Be aware about the out-of-memory killer

One of the most important things for applications is stability. There are various hosting platforms that give you virtual servers, where you can run multiple services. There is no limit to the number of processes so it is up to you how much of their resources will be used. However, exceeding all available RAM memory can result in poor stability or even a server crash. This article gives you some basic knowledge about the out-of-memory system state.

OOM is a state where there is no memory available for the system. In such a situation, Kernel will invoke oom-killer to choose and sacrifice some processes, to free up the memory. It may force-kill your puma webservers, sidekiq workers or database.

The server stopped reporting stats to NewRelic at around 11:41. Memory usage (RAM and SWAP) exceeded all server resources and oom-killer killed NewRelic daemon, and other processes, to free up the memory.
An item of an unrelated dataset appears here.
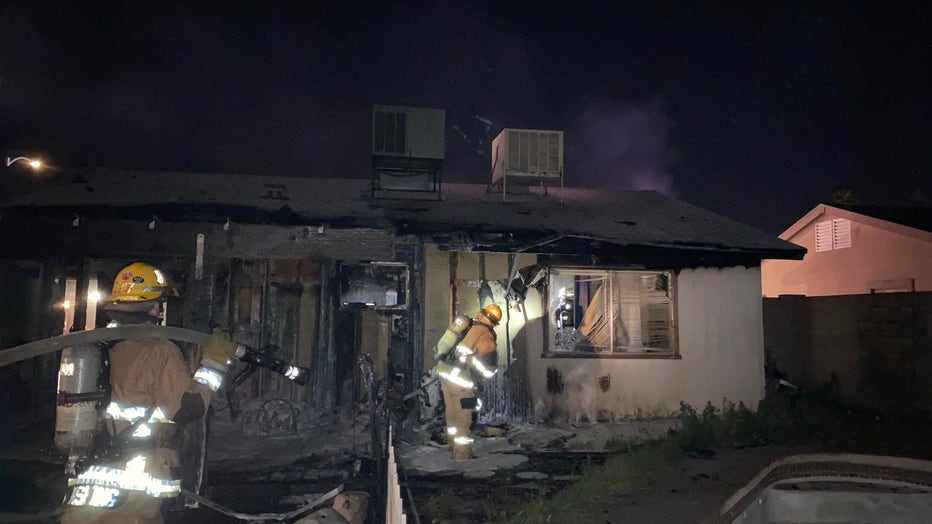 Fire officials say first responders saw heavy smoke and fire near the back of the house, with a large amount of the back patio on fire.
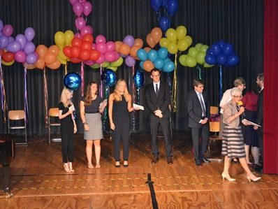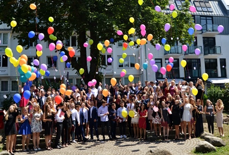 Die Botschaft dabei war eindeutig: Das Abitur ist die wichtigste Voraussetzung für spätere Lebenschancen, ganz gleich ob man es „gerade noch so“ geschafft hat, oder zu den Besten des Jahrgangs gehörte. Zum Beweis rezitierte Haase-Mühlbauer Heinz Erhardts humorig-tröstliches Gedicht „Schule“, in dem der vermeintlich Dumme zum Chef aufsteigt. Nach einem Vortrag von Jonas Gebert als Redner der Stufe wurden reichlich Glückwünsche geäußert. Die Abiturientinnen und Abiturienten selbst brachten ihre Träume und Hoffnungen auf Zetteln zum Ausdruck, die sie, an Luftballons befestigt, gen Himmel schickten. Ob die Pein damit für immer ein Ende hat? So ganz schmerzfrei, das werden sie feststellen, geht es ja erfahrungsgemäß im richtigen Leben nicht zu.

root@i-10-255-3-105[staging]:~# grep -i kill /var/log/syslog
Jun 17 11:41:37 i-10-255-3-105 kernel: [54493.290148] ruby invoked oom-killer: gfp_mask=0x201da, order=0, oom_score_adj=0
[...]
Jun 17 11:41:41 i-10-255-3-105 kernel: [54498.831237] Out of memory: Kill process 32236 (ruby) score 912 or sacrifice child
Jun 17 11:41:41 i-10-255-3-105 kernel: [54498.831894] Killed process 32236 (ruby) total-vm:209732kB, anon-rss:921340kB, file-rss:0kB
[...]

OOM Score

There are various factors taken into consideration for calculating the priority for killing a given process. One of them is oom score adjustment. The user can adjust the priority by using a special file placed in process information pseudo-filesystem called /proc

# set the highest priority
echo 1000 > /proc/[PID]/oom_score_adj

# set the lowest priority
echo -1000 > /proc/[PID]/oom_score_adj

The highest priority means that the particular process will always be marked for killing in the case of an out-of-memory state. However, the process with the lowest priority will only be killed if there are no other processes with a higher score. oom_score_adj can be used as one factor for calculating the oom_score, which is used by oom-killer as a final score.

Shelly Cloud sets the lowest priority for critical services such as sshd, monitoring or databases and the highest priority for application services.

Monitoring

Monitoring is a key factor in such situations. If a process was killed by kernel there should be a service that will bring it back to action. Otherwise the server may become unresponsive and only a complete restart will help.

Each virtual server on Shelly Cloud has its own monitoring.

Conclusion

You should always keep an eye on the available resources to avoid dangerous situations. We recommend NewRelic and their free plan for monitoring server resources. It allows you to set up an alert if RAM usage is too high. Graphs can help recognize if there is a memory leak, or if your application needs more resources.